The nagging feeling that Jaden didn’t know who the real Gwen was gnawed away at his mind again, taunting him with suggestions of embarrassment and betrayal. Perhaps she was just that good of an actress and it had all been a part of her cover. He could handle that one, but the nagging sense that Gwen was somehow ashamed of her feelings for him grew.
“I’m not who you think I am.” Her words resonated once more within his mind and almost on cue, Gwen turned to him and even though he couldn’t be sure, a fading glimmer from her eyes seemed to reappear if only for a moment.
Did she know how he really felt? Had she—
We’ll talk about that later.
The shock of her voice jolted Jaden, his aching sides screaming their disapproval at the sudden movement.
What did she know? How much had she heard?
I’m sorry but we’ll talk about that later, all right?
He nodded, glancing over at Percival who appeared oblivious as he eyed the chart for a third time a little too thoroughly.
He tried to empty his mind and think about innocuous things, like what kind of stone was around him or how old Percival was since he looked like he couldn’t be much older than his early forties, even with the outdated spectacles and olive green suspenders suggesting a more vintage age. Then more pressing concerns entered Jaden’s mind, like if Percival was even a real doctor.
“Oh,” Percival said, breaking the long silence, “I thought of another question I’d like to ask you, Jaden.”
“Okay. That sounds great,” he said, happy to have a change of topic and a break from the excruciatingly awkward silence.
“Were you conscious for the entire trip here?” Percival asked him, pushing his glasses up the bridge of his nose.
Images of Jaden’s dreams bubbled up into his mind but he didn’t really want to share those since he wasn’t even really sure what those visions or memories were.
“Actually,” Gwen said, “he drifted in and out of consciousness. But, why don’t you ask him what’s really on your mind, Percival? I’d like to hear it just as much as you would.”

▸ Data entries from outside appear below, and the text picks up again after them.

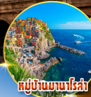
หมู่บ้านมานาโรซ่า

พิเศษ ลิ้มรสปาร์มาแฮมถึงเมืองต้นกำเนิดแท้ๆ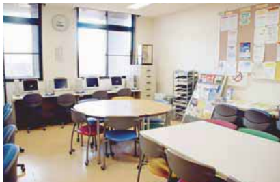
02 국제센터 (담화실) 유학생 여러분이 공부하거나, 교류의 장소로서 자유롭게 이용할 수 있는 방법입니다. 인터넷을 사용하거나, 리포트를 작성할 수 있습니다.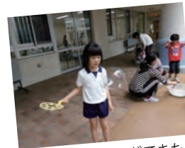
大きなシャボン玉ができたよ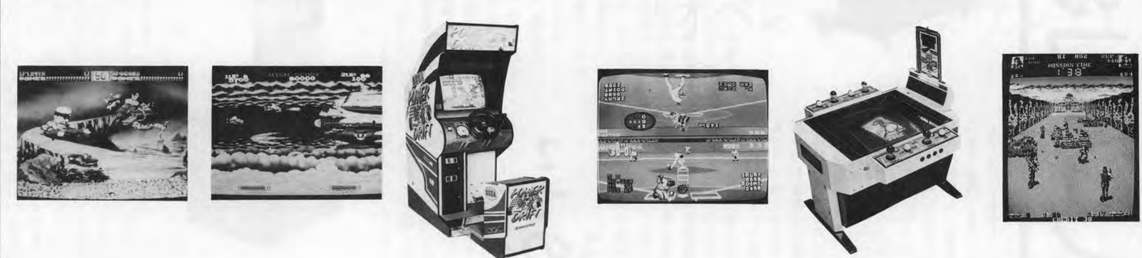
Gyojin, O-dayn, Power Lift, Eki Site Ryo, Bashing Shoot, Kuretsu. 各ゲームの紹介と価格情報。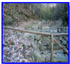
Risanamento fosso Berti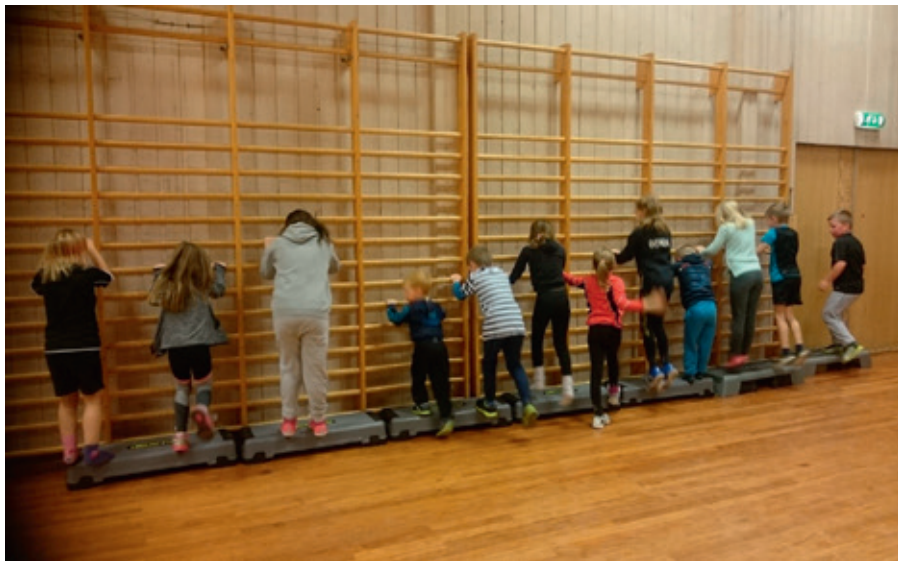
Barna hopper opp og ned fra stepp-kasser, med musikk til.

Hovedfokuset på allidrett er basistrening gjennom et trygt treningsmiljø. Treningene er basert på en blanding av nye utfordringer og repetisjoner for å føle mestring. Dette er i praksis lek og varierte aktiviteter som skal stimulere barnas utvikling og styrke de grunnleggende bevegelsene. På allidretten er det meste basert på lek, men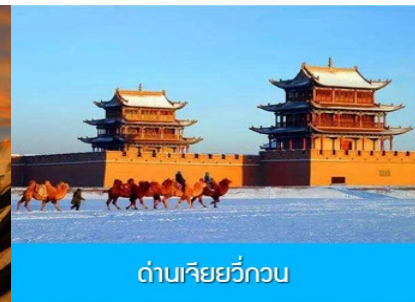
ด่านเจียวกวน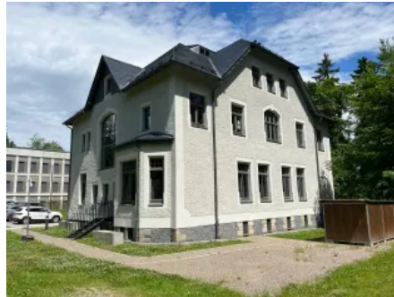
Forstliches Bildungszentrum Bad Reiboldsgrün Ort: Auerbach Produkt: maxit eco 72 ca. 430 m 2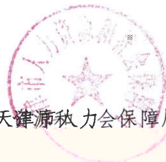
天津市人力资源和社会保障局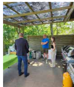
Vi er klar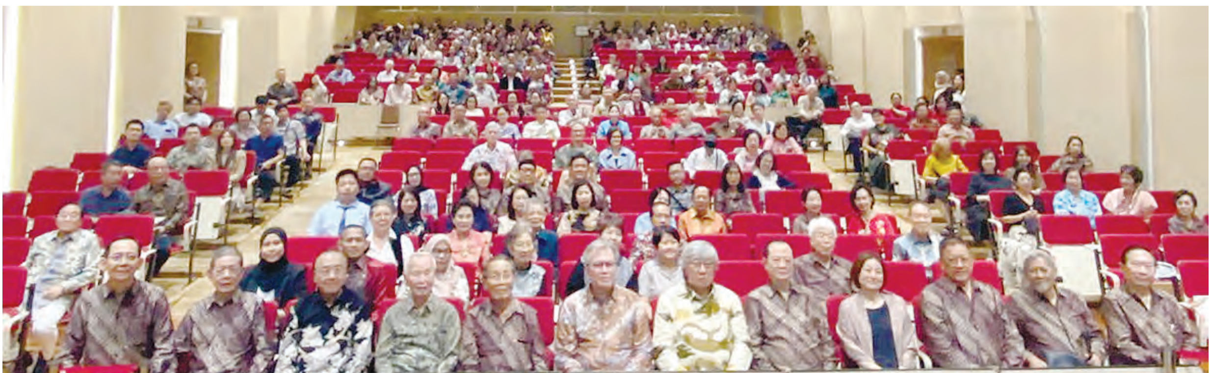
参加座谈会的夹板门合影。

She smiled and Percival blushed, clearing his throat in an obvious attempt to sidestep his sheepish embarrassment.
Jaden hated being out of the loop—again.
“Well,” Percival said, clearing his throat another time, clicking and re-clicking his silvery pen without compassion, “I just wanted to confirm that you did, in fact, strike Diederik Drake.”
“The guy Merrick was fighting with when we got back to the coffee house,” Gwen said, noticing the look of cluelessness Jaden knew he must have had upon hearing the name. “Did you hit him or did something else happen?”
Percival stopped clicking and looked up, eyebrows arched over the folder.
“Yeah,” Jaden said, “I hit him. Why?”
Percival and Gwen looked at each other with the same stunned expression, both of their eyebrows now stretching towards their hairlines.
“Curious,” Percival said, already hastily writing something on his clipboard. “Can you describe how you hit him, please?”
“Uh, I closed my fist and—”
“No, no,” Percival said, pausing in between scribbles, “how were you able to land a punch without him evading it, especially one with such force that it proved capable of knocking Diederik unconscious.”
Huh? Everything had happened so fast. There was never any intent or master plan. He just reacted as quick as he could.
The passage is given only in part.